EXERCISE PROMPT: Repeat every record exactly, omitting the pictures.

Segment Start: INFORMATION

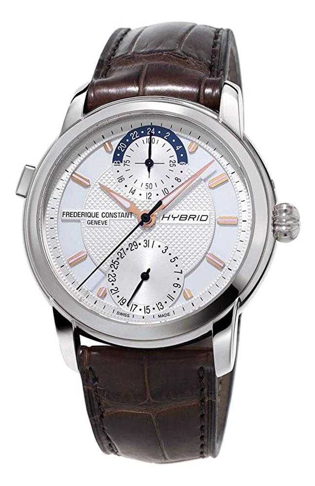 Frederique Constant Classic Hybrid Manufacture Automatic Mens Horological Smartwatch Worldtimer Dual Time Zone Stainless Steel Brown Leather Silver Dial Model# FC-750V4H6 / FC750V4H6 features a polished stainless steel case that holds the light silver textured dial. The dial has rose gold tone & luminous hand indicators, rose gold tone & luminous index hour markers. Push/Pull crown, Scratch resistant sapphire crystal and a transparent case back. Functions: world time, date, GMT, second time zone, hour, minute, second, vibration/sound notifications, activity tracking, sleep monitoring, analytics and dynamic coach. Date displayed in sub-dial at the 6 o'clock position. Brown Genuine Alligator leather strap has a deployment clasp. This watch runs on a Swiss automatic movement based upon ETA 7750, Caliber FC-750, containing 33 Jewels, bitting at 28800 vph, 42 hour power reserve, and is water-resistant up to 50 meters/165 feet.
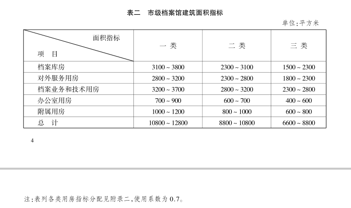 第二十二条 市级档案馆建筑面积指标应符合表二的规定。
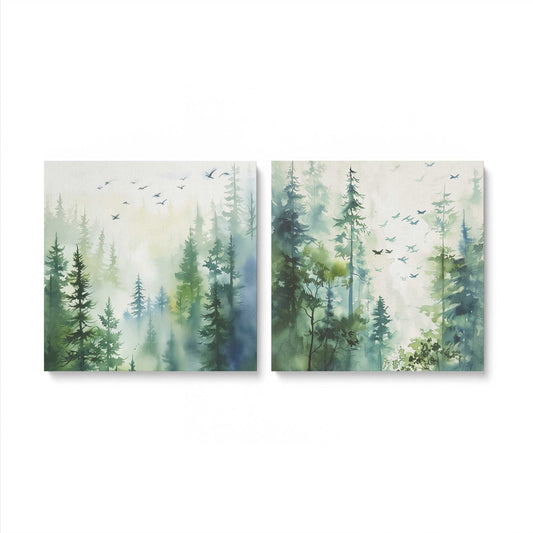 Woodland Birds in Mist, Set of 2 Print on Canvas
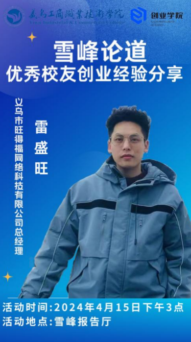 4月15日下午,William希尔官网入口邀请了义乌市旺得福网络科技有限公司总经理、13e创电商2班优秀毕业生“雷锋哥”雷盛旺,于雪峰报告厅开展了主题为“创业经验分享”的“雪峰论道”系列讲座。
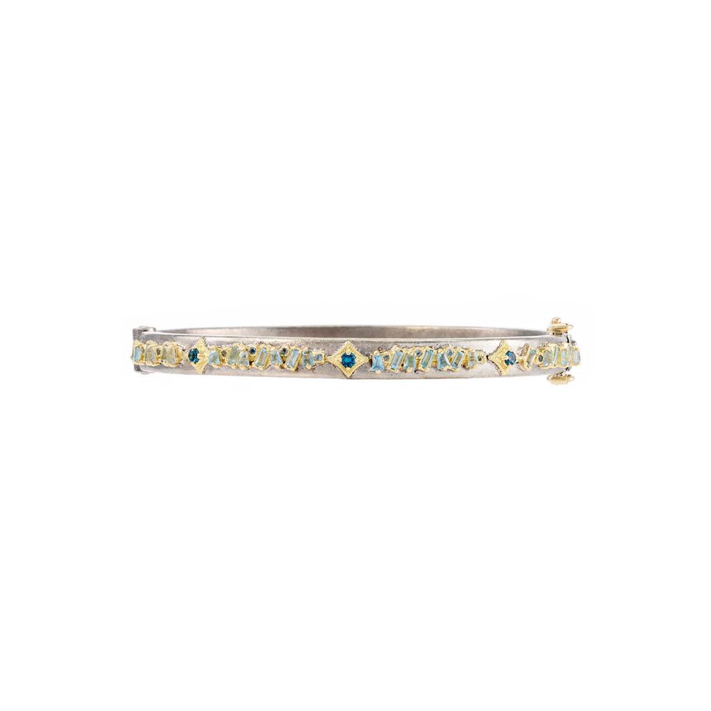 This bracelet features oxidized sterling silver with bezel set London Blue Topaz and Moss Aqua with alternating 18kt yellow gold crivelli designs with a hinged clasp.

Segment End: INFORMATION

SOLUTION FOR THIS EXERCISE:
 Frederique Constant Classic Hybrid Manufacture Automatic Mens Horological Smartwatch Worldtimer Dual Time Zone Stainless Steel Brown Leather Silver Dial Model# FC-750V4H6 / FC750V4H6 features a polished stainless steel case that holds the light silver textured dial. The dial has rose gold tone & luminous hand indicators, rose gold tone & luminous index hour markers. Push/Pull crown, Scratch resistant sapphire crystal and a transparent case back. Functions: world time, date, GMT, second time zone, hour, minute, second, vibration/sound notifications, activity tracking, sleep monitoring, analytics and dynamic coach. Date displayed in sub-dial at the 6 o'clock position. Brown Genuine Alligator leather strap has a deployment clasp. This watch runs on a Swiss automatic movement based upon ETA 7750, Caliber FC-750, containing 33 Jewels, bitting at 28800 vph, 42 hour power reserve, and is water-resistant up to 50 meters/165 feet.
 第二十二条 市级档案馆建筑面积指标应符合表二的规定。
 Woodland Birds in Mist, Set of 2 Print on Canvas
 4月15日下午,William希尔官网入口邀请了义乌市旺得福网络科技有限公司总经理、13e创电商2班优秀毕业生“雷锋哥”雷盛旺,于雪峰报告厅开展了主题为“创业经验分享”的“雪峰论道”系列讲座。
 This bracelet features oxidized sterling silver with bezel set London Blue Topaz and Moss Aqua with alternating 18kt yellow gold crivelli designs with a hinged clasp.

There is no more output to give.